Barca Blaugranes (blog)
The discourse surrounding the literature provides a beautiful context in which productive disagreement is able to take place. The first book with which I’d like to start is one that’s fairly common. Jonathan Wilson’s "Inverting the Pyramid" walks readers through the progression of tactics within the world of football and describes the societal surroundings in which they took place. Tactics within soccer didn’t just develop through battles on the pitch (though that is largely a driving force). They developed in ways that allowed individual cultures to keep their identities while remaining competitive.
The book starts in England in the 19th century, and quickly progresses through the stylistic disagreements between the Scottish and English over the importance of individual talent and possession. From there, it follows a simple path to Central Europe... He describes why tactics blossomed in central Europe in the 1920s and 1930s, why Italy plays a very physical and defensive style, and how Total Football completely reshaped FC Barcelona.

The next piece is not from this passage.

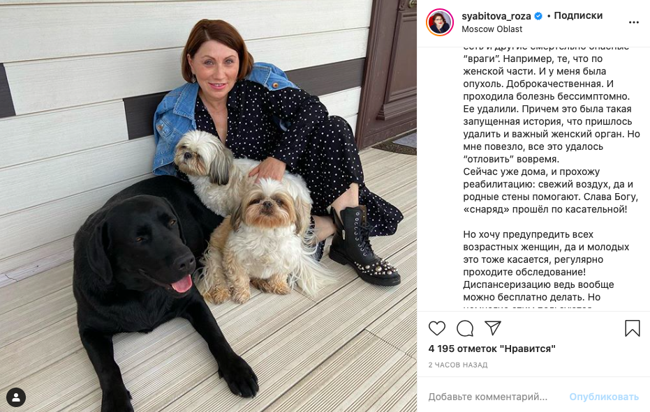 «У меня была опухоль. Доброкачественная. Ее удалили. Причем это была такая запущенная история, что пришлось удалить и важный женский орган — матку. Но мне повезло, все это удалось отловить вовремя», — поделилась Роза в Instagram, добавив, что «снаряд прошел по касательной» .

Overall, I really enjoyed the book. It moves along very quickly, but it also does a fantastic job of developing a deep understanding of the game. It combines the intellectual side of the sport with the entertainment side, and helps give the reader a better insight into why some teams are better than others – even when the talent isn’t equal. The book isn’t perfect, by any means, and there are certainly pieces of literature that delve deeper into the tactical side of the sport, but this book is an incredibly valuable piece – regardless of where you are in your knowledge of the tactical game. Given the information, the entertainment, and overall quality of the writing itself, I have to give the book four stars out of five.